I’ve long been a fan of urban fantasy, though perhaps I didn’t realize it. When I first discovered the genre, I’d found something that I’d long sought. Growing up, I was into scary movies a bit too much. Freddy, Jason, Michael Myers, and all the rest were well-worn topics of conversation in my circle of friends. The one thing that always bothered us was the fact that the victims in the movies were just that. When they fought back, it was ineffective. Yeah, Jason Voorhees could survive a machete to the head, but how about a team of Navy SEALs or the 101st Airborne? No way. (Of course, long after our childhood debates this conceit was used to some extent in the awful Jason Goes to Hell: The Final Friday, though they lamed out and retconned a way for Jason to survive heavy artillery.)

Apparently my friends and I weren’t alone in that line of thinking, because the best urban fantasy, to my mind, consists of potential victims standing up and laying the hurt on monsters. Authors like Faith Hunter, Jim Butcher, and Larry Correia excel in this aspect. Russell Newquist’s “War Demons” adds another log on the butt-kicking fire.

We first encounter our protagonist, Michael Alexander, on a mission in Afghanistan that’s about to go horribly wrong. There’s enough mystery and terror in this intro to get you hooked. In my case, I read the book in a couple sittings over the course of a day. It was a struggle to put it down, and considering the work I put aside to do so, that says a lot for War Demons. When we rejoin Michael, he’s trying to live a normal life and attending college. All the while he is haunted by his demons – real and unreal.

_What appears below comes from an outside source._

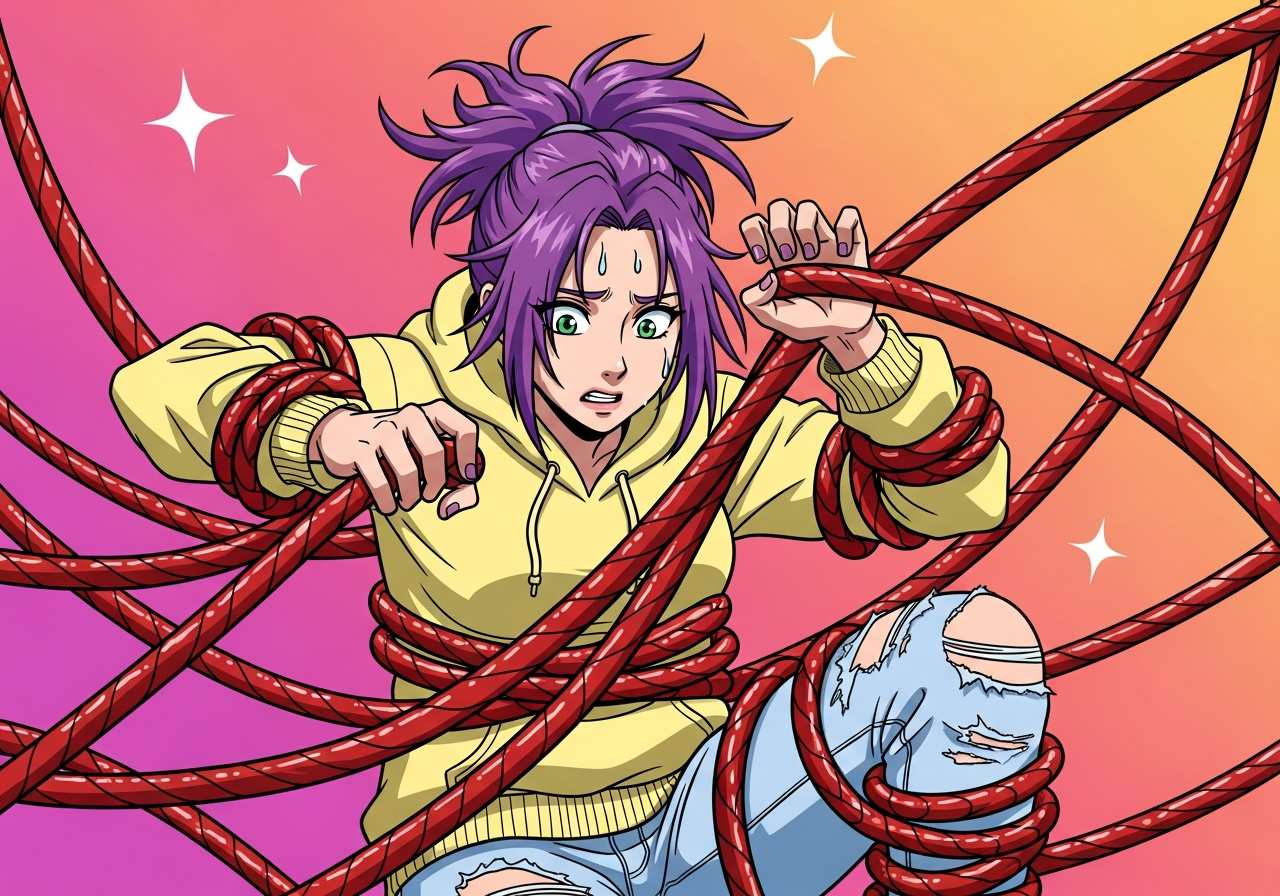 物や人が絡まる、または複雑な状況に巻き込まれることを表す動詞。物理的な絡まりと比喩的な関わりの両方に使われます。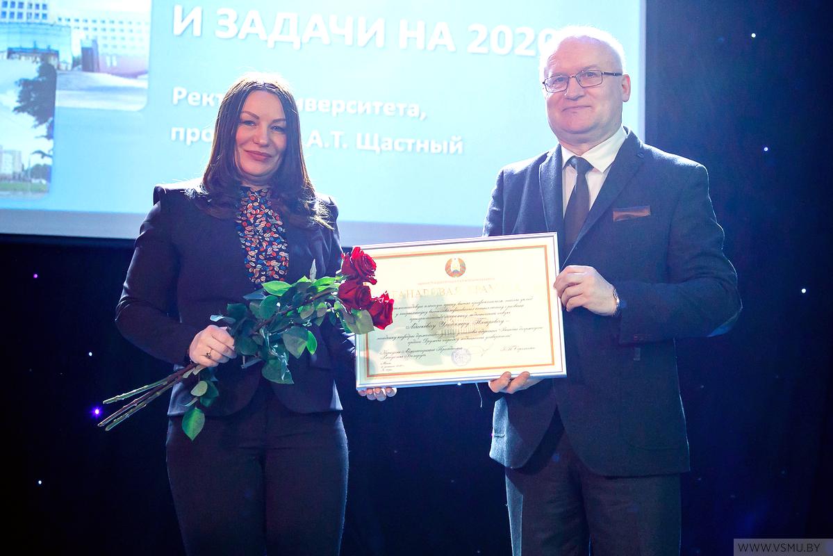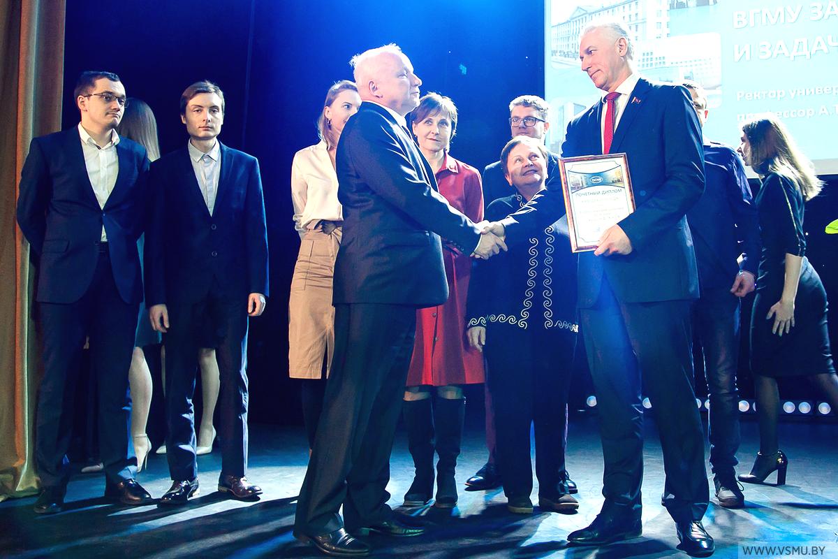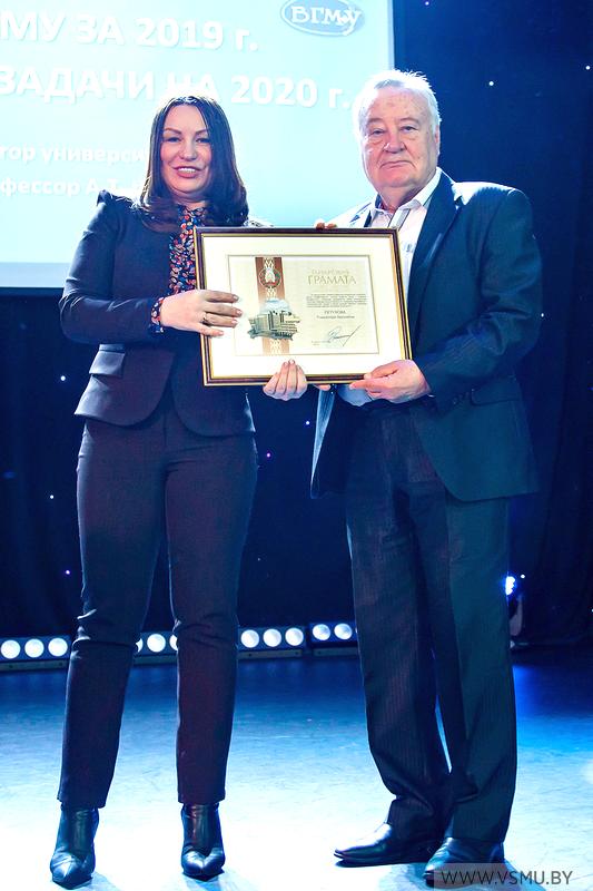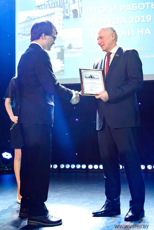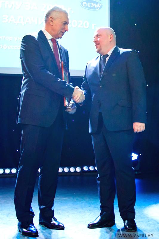 За выполнение большого объёма работ и подготовки документов для открытия новых специальностей II ступени высшего образования (магистратуры), подтверждения государственной аккредитации университета на соответствие заявленному виду и по специальностям, а также за организацию разработки образовательного стандарта и типового учебного плана по специальности 1-79 80 30 «Фармация», организацию Международной научно-практической конференции «Медицинское образование XXI века: разработка модели «Университет 3.0» и по итогам 2019 года признан победителем в номинации «Лучшее структурное подразделение» Витебского государственного ордена Дружбы народов медицинского университета учебно-методический отдел.

Along the way, Michael collects a crew of friends, all of whom are nicely realized and have interesting turns. He needs the help, too, because there’s a vast menagerie of monsters to deal with — though to Russell’s credit, there are some great twists on the classic monster tropes that are used here. It’s at once creative and side-steps the old cliches.

My other point of praise for the book is that it took some nice twists and turns with the plot and the characters. My expectations as to where certain people would end up were completely off. That’s a rare treat, and a nice riff on the standard hero’s journey.

There are several awesome, fist-pumping moments that I’m reluctant to spoil. I’ll just say “dragon versus F-16s” and leave it at that. (Something else, BTW, I didn’t realize I needed until I saw the vastly disappointing Reign of Fire.)

Only quibble? It ends on a bit of a cliffhanger. But rest easy, there are more on the way.